WORK INSTRUCTIONS:
With the pictures omitted, transcribe each line below exactly as it is.

SOURCE DATA:
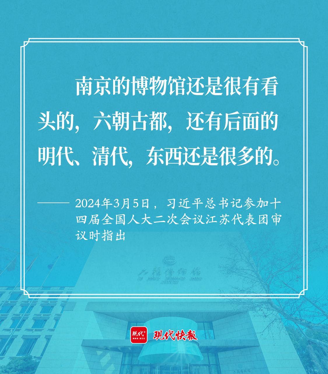 2024年3月5日,習(xí)近平總書記參加十四屆全國人大二次會議江蘇代表團(tuán)審議??倳浽诼犕昴暇┦胁┪锟傪^副館長宋燕代表講述后表示,“南京的博物館還是很有看頭的,六朝古都,還有后面的明代、清代,東西還是很多的?!?/p>
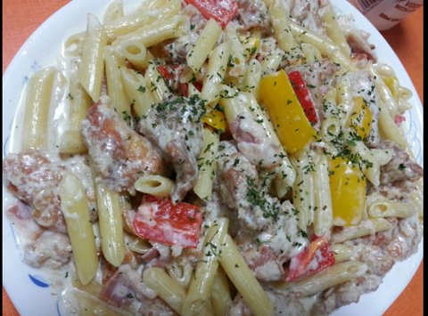 크림소스를 버무린 치킨에다가.......파스타면까지!
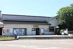 The station has a two opposed ground-level side platforms serving one two tracks, connected to the wooden station building by a wooden footbridge. The station has a Midori no Madoguchi staffed ticket office.
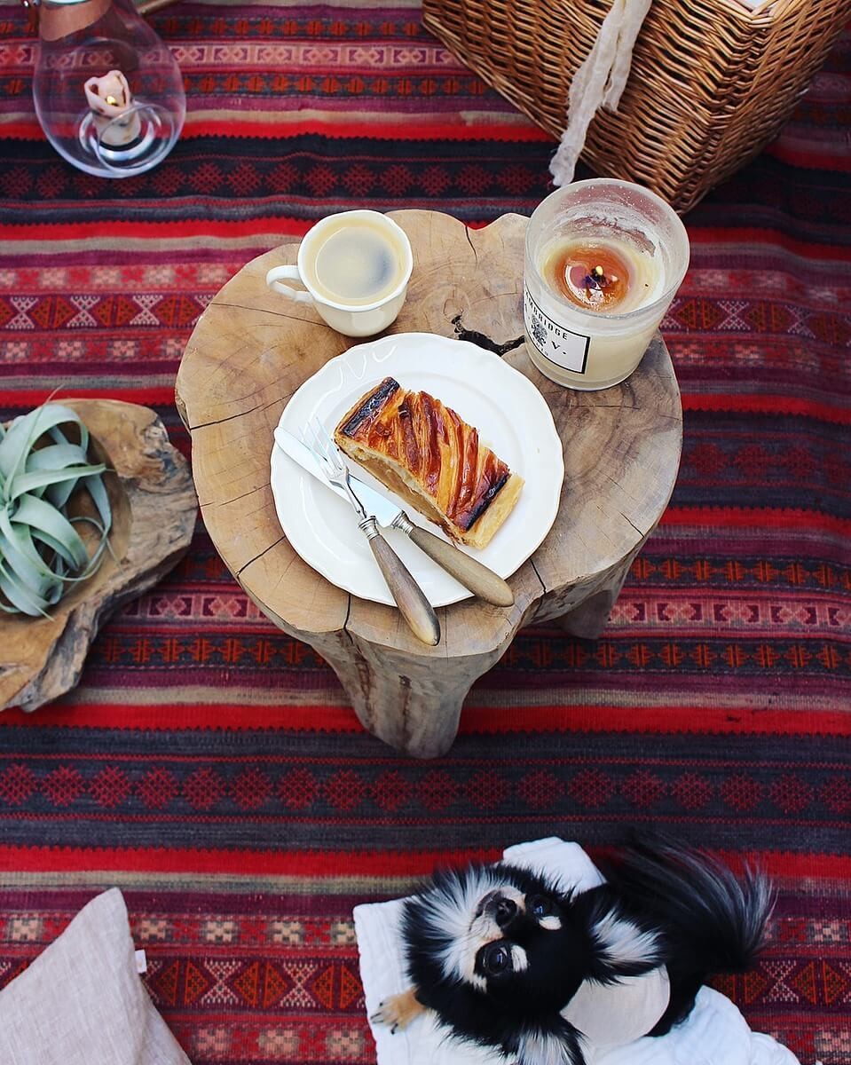 まずは、お気に入りのリサイクルウッドの丸太を削り出して作られたウッドスツールをテーブルに!

WRITTEN RESPONSE:
 2024年3月5日,習(xí)近平總書記參加十四屆全國人大二次會議江蘇代表團(tuán)審議??倳浽诼犕昴暇┦胁┪锟傪^副館長宋燕代表講述后表示,“南京的博物館還是很有看頭的,六朝古都,還有后面的明代、清代,東西還是很多的?!?/p>
 크림소스를 버무린 치킨에다가.......파스타면까지!
 The station has a two opposed ground-level side platforms serving one two tracks, connected to the wooden station building by a wooden footbridge. The station has a Midori no Madoguchi staffed ticket office.
 まずは、お気に入りのリサイクルウッドの丸太を削り出して作られたウッドスツールをテーブルに!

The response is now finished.